Wimberly Michael C, Baer Adam D, Yabsley Michael J
Geographic Information Science Center of Excellence, South Dakota State University, Brookings, SD, USA.
Int J Health Geogr. 2008 Apr 15;7:15. doi: 10.1186/1476-072X-7-15.
Disease maps are used increasingly in the health sciences, with applications ranging from the diagnosis of individual cases to regional and global assessments of public health. However, data on the distributions of emerging infectious diseases are often available from only a limited number of samples. We compared several spatial modelling approaches for predicting the geographic distributions of two tick-borne pathogens: Ehrlichia chaffeensis, the causative agent of human monocytotropic ehrlichiosis, and Anaplasma phagocytophilum, the causative agent of human granulocytotropic anaplasmosis. These approaches extended environmental modelling based on logistic regression by incorporating both spatial autocorrelation (the tendency for pathogen distributions to be clustered in space) and spatial heterogeneity (the potential for environmental relationships to vary spatially).

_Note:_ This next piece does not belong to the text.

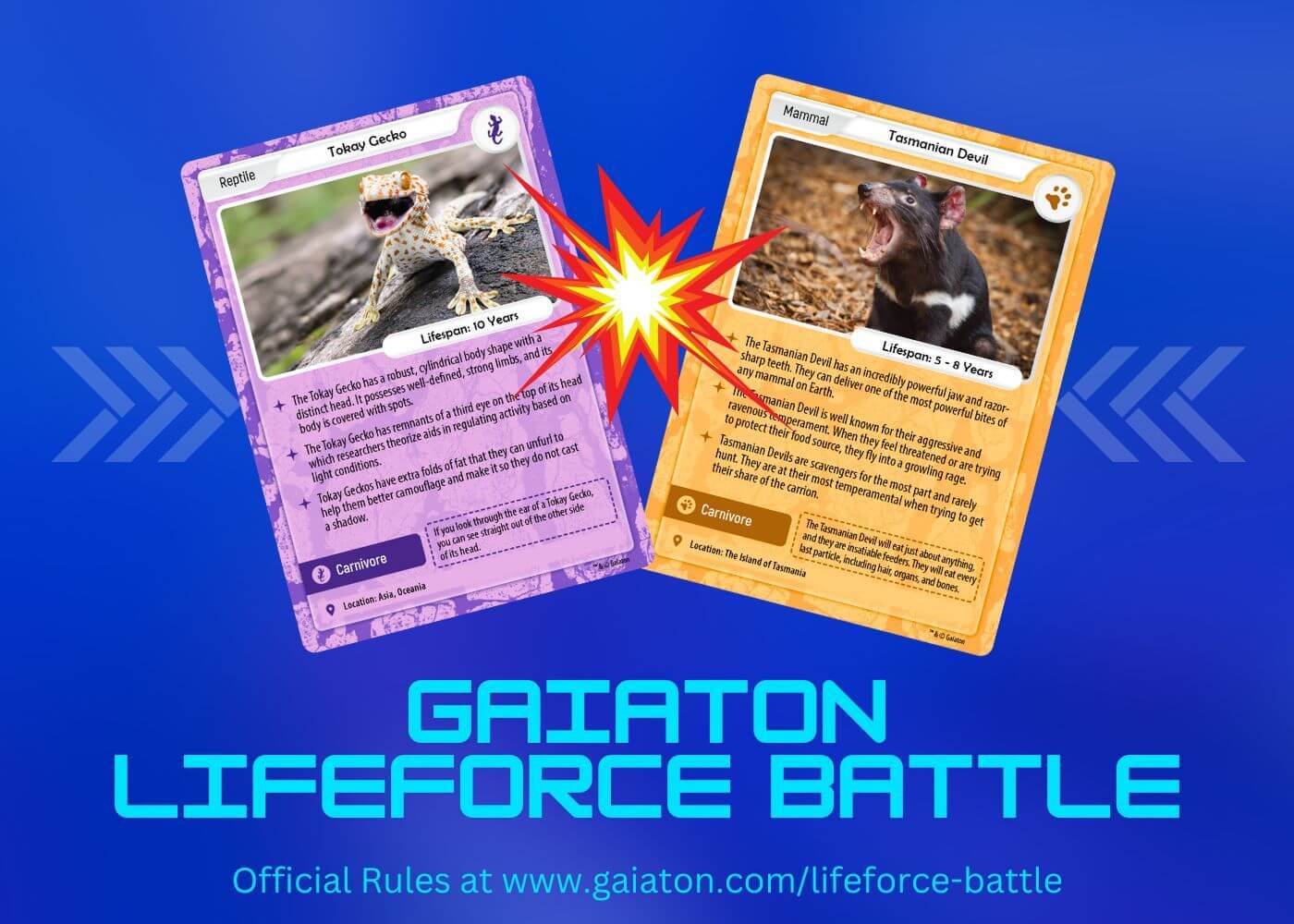 Each Gaiaton card has a sharp, clean, beautiful photo of the featured creature on the card. Shuffle through your Gaiaton card collection and immerse yourself in these photos, it’s like a worldwide tour of planet Earth!

Incorporating either spatial autocorrelation or spatial heterogeneity resulted in substantial improvements over the standard logistic regression model. For E. chaffeensis, which was common within the boundaries of its geographic range and had a highly clustered distribution, the model based only on spatial autocorrelation was most accurate. For A. phagocytophilum, which has a more complex zoonotic cycle and a comparatively weak spatial pattern, the model that incorporated both spatial autocorrelation and spatially heterogeneous relationships with environmental variables was most accurate.
Spatial autocorrelation can improve the accuracy of predictive disease risk models by incorporating spatial patterns as a proxy for unmeasured environmental variables and spatial processes. Spatial heterogeneity can also improve prediction accuracy by accounting for unique ecological conditions in different regions that affect the relative importance of environmental drivers on disease risk.
疾病地图在健康科学中的应用越来越广泛,其应用范围涵盖从个体病例诊断到区域和全球公共卫生评估。然而,关于新发传染病分布的数据往往仅来自有限数量的样本。我们比较了几种空间建模方法,以预测两种蜱传病原体的地理分布:查菲埃立克体(人类单核细胞埃立克体病的病原体)和嗜吞噬细胞无形体(人类粒细胞无形体病的病原体)。这些方法通过纳入空间自相关(病原体分布在空间上聚集的趋势)和空间异质性(环境关系在空间上变化的可能性),扩展了基于逻辑回归的环境建模。
纳入空间自相关或空间异质性均比标准逻辑回归模型有显著改进。对于在其地理范围内常见且分布高度聚集的查菲埃立克体,仅基于空间自相关的模型最为准确。对于具有更复杂人畜共患病循环且空间模式相对较弱的嗜吞噬细胞无形体,纳入空间自相关以及与环境变量的空间异质关系的模型最为准确。
空间自相关通过纳入空间模式作为未测量环境变量和空间过程的替代物,可以提高预测疾病风险模型的准确性。空间异质性也可以通过考虑不同区域影响环境驱动因素对疾病风险相对重要性的独特生态条件来提高预测准确性。